Look through the listing below for the line with "Ohýbané tvary vytvářejí" and the line with "Portrait of beautiful". Copy both, along with every line between them, exactly and with no pictures.

## DATASET EXCERPTS
┌──

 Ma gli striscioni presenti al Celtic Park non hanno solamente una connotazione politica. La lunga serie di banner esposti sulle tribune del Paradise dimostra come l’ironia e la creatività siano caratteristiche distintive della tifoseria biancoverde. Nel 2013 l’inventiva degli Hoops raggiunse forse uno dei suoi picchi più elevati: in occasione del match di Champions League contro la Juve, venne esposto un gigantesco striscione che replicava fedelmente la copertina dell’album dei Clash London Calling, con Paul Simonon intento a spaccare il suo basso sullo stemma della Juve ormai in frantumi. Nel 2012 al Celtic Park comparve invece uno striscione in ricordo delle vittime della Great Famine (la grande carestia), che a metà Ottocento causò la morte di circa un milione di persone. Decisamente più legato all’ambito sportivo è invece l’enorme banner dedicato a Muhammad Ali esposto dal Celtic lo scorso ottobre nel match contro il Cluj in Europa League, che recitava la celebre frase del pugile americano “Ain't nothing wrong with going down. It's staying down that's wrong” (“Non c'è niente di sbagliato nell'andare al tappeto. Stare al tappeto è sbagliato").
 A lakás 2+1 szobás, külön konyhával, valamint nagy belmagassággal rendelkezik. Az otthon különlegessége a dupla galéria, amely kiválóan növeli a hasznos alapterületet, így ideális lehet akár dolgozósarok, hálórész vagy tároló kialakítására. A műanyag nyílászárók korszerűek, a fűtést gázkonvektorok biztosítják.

└──
┌──

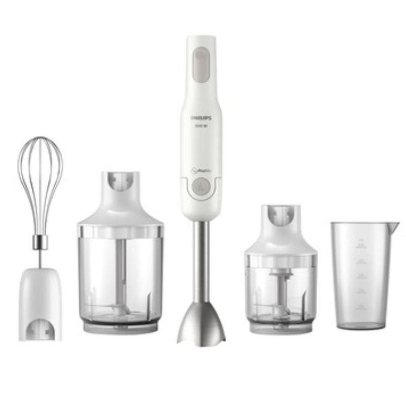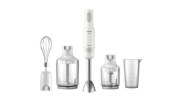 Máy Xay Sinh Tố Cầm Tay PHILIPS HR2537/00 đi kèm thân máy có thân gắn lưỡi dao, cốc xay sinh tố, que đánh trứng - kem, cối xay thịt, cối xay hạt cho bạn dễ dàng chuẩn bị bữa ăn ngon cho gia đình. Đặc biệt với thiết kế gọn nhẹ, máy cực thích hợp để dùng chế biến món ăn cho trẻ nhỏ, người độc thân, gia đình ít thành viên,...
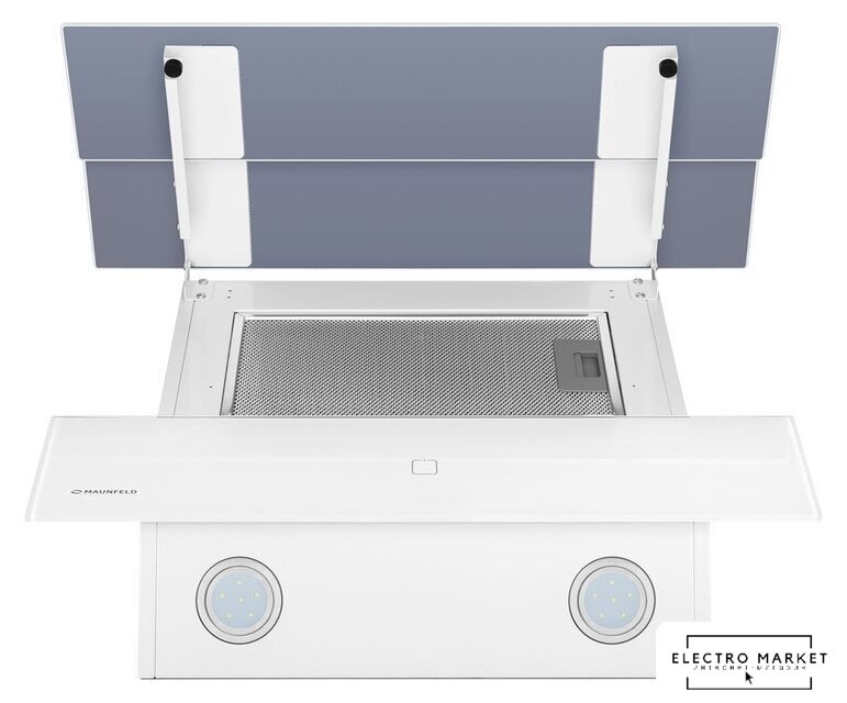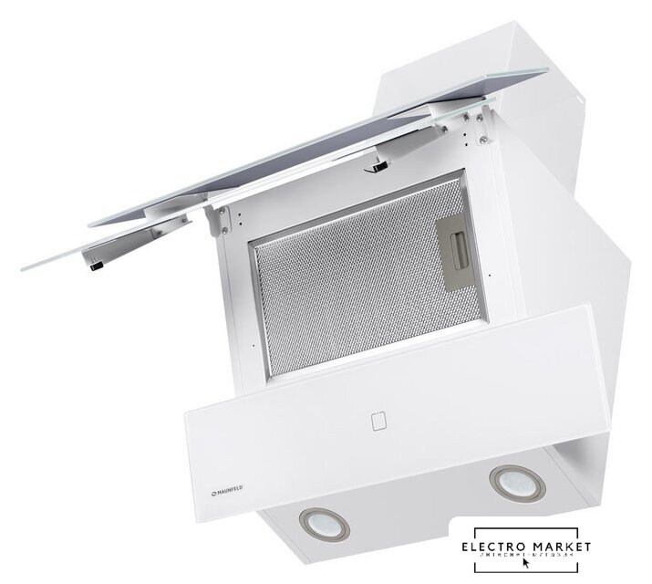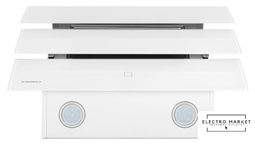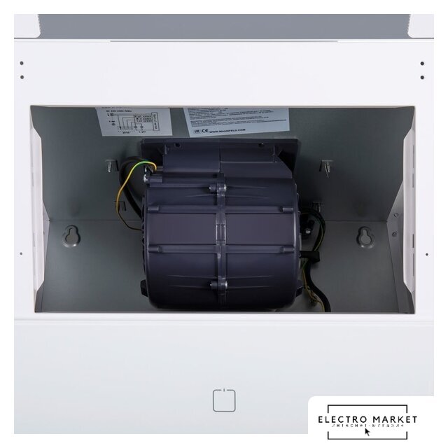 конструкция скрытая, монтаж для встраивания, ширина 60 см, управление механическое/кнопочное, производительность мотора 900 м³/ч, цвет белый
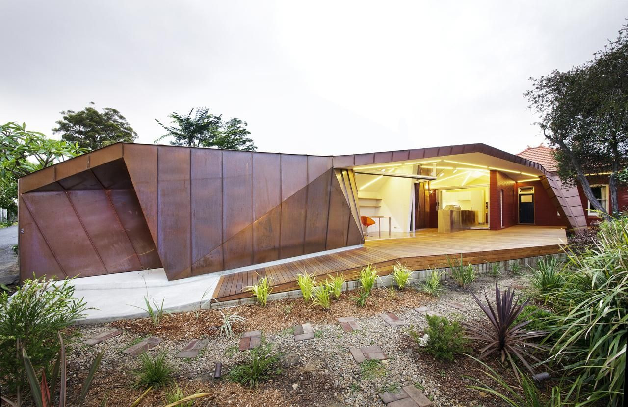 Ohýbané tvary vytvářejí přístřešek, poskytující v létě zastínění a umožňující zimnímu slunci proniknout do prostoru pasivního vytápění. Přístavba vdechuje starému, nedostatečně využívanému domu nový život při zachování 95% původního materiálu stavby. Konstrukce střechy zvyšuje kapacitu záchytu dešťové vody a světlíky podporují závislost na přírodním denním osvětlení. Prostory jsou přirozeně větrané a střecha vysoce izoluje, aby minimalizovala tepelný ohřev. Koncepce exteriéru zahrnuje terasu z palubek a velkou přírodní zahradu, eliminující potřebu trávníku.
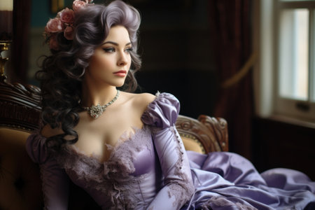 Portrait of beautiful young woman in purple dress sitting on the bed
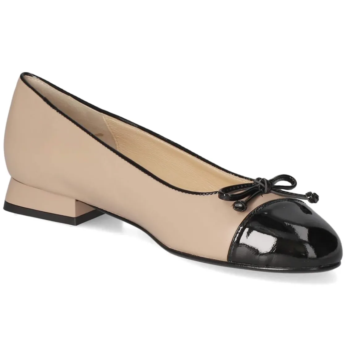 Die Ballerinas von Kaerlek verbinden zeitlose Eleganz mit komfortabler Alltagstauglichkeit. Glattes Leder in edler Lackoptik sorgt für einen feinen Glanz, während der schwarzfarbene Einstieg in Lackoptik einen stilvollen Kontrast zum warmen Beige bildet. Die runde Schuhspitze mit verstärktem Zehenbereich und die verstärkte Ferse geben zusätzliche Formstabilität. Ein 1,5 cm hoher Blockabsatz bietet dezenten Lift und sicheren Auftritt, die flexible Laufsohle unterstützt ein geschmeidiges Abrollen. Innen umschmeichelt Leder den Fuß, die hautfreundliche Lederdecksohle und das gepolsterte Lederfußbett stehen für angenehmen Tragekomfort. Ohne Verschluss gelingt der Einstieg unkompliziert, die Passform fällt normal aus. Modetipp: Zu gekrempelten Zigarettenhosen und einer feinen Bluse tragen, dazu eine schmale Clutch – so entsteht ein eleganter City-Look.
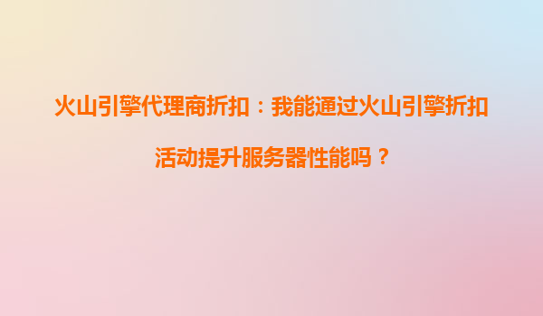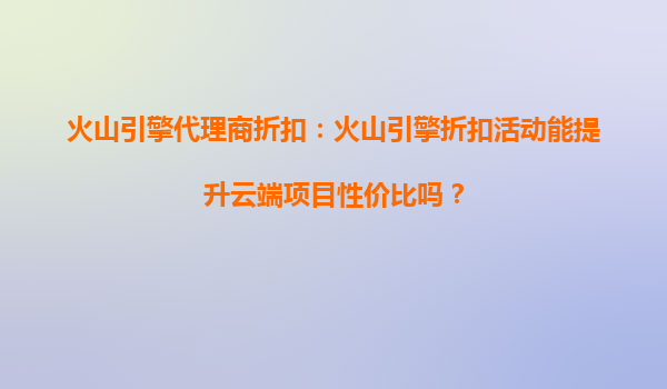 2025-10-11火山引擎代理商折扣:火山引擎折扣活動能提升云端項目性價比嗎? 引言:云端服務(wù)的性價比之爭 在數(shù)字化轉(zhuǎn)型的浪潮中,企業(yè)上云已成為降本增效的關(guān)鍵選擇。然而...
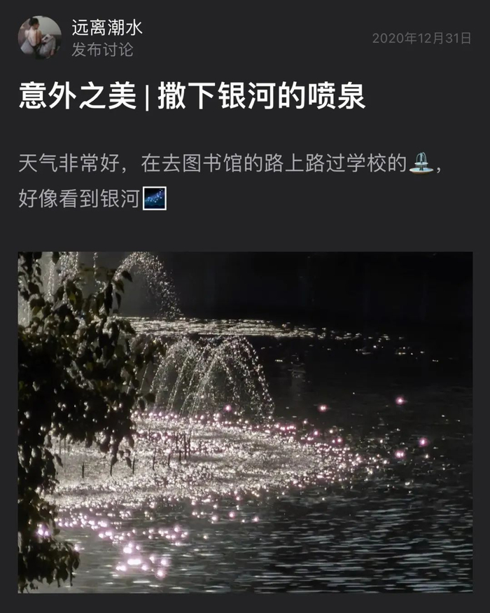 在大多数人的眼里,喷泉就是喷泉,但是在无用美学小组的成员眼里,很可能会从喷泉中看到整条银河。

└──
┌──

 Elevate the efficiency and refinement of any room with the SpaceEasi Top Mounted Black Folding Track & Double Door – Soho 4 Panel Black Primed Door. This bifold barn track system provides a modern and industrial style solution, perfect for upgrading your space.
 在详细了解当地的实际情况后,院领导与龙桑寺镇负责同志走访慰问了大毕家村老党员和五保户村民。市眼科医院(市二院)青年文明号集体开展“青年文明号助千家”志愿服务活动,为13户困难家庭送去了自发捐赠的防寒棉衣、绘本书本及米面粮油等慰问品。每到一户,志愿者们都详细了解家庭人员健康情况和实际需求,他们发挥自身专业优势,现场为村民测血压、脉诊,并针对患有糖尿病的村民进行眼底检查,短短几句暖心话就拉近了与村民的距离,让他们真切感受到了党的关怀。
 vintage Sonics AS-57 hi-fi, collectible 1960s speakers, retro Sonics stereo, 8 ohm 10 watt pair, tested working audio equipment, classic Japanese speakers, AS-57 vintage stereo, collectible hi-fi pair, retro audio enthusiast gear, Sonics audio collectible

└──

## FINISHED TASK
 Ohýbané tvary vytvářejí přístřešek, poskytující v létě zastínění a umožňující zimnímu slunci proniknout do prostoru pasivního vytápění. Přístavba vdechuje starému, nedostatečně využívanému domu nový život při zachování 95% původního materiálu stavby. Konstrukce střechy zvyšuje kapacitu záchytu dešťové vody a světlíky podporují závislost na přírodním denním osvětlení. Prostory jsou přirozeně větrané a střecha vysoce izoluje, aby minimalizovala tepelný ohřev. Koncepce exteriéru zahrnuje terasu z palubek a velkou přírodní zahradu, eliminující potřebu trávníku.
 Portrait of beautiful young woman in purple dress sitting on the bed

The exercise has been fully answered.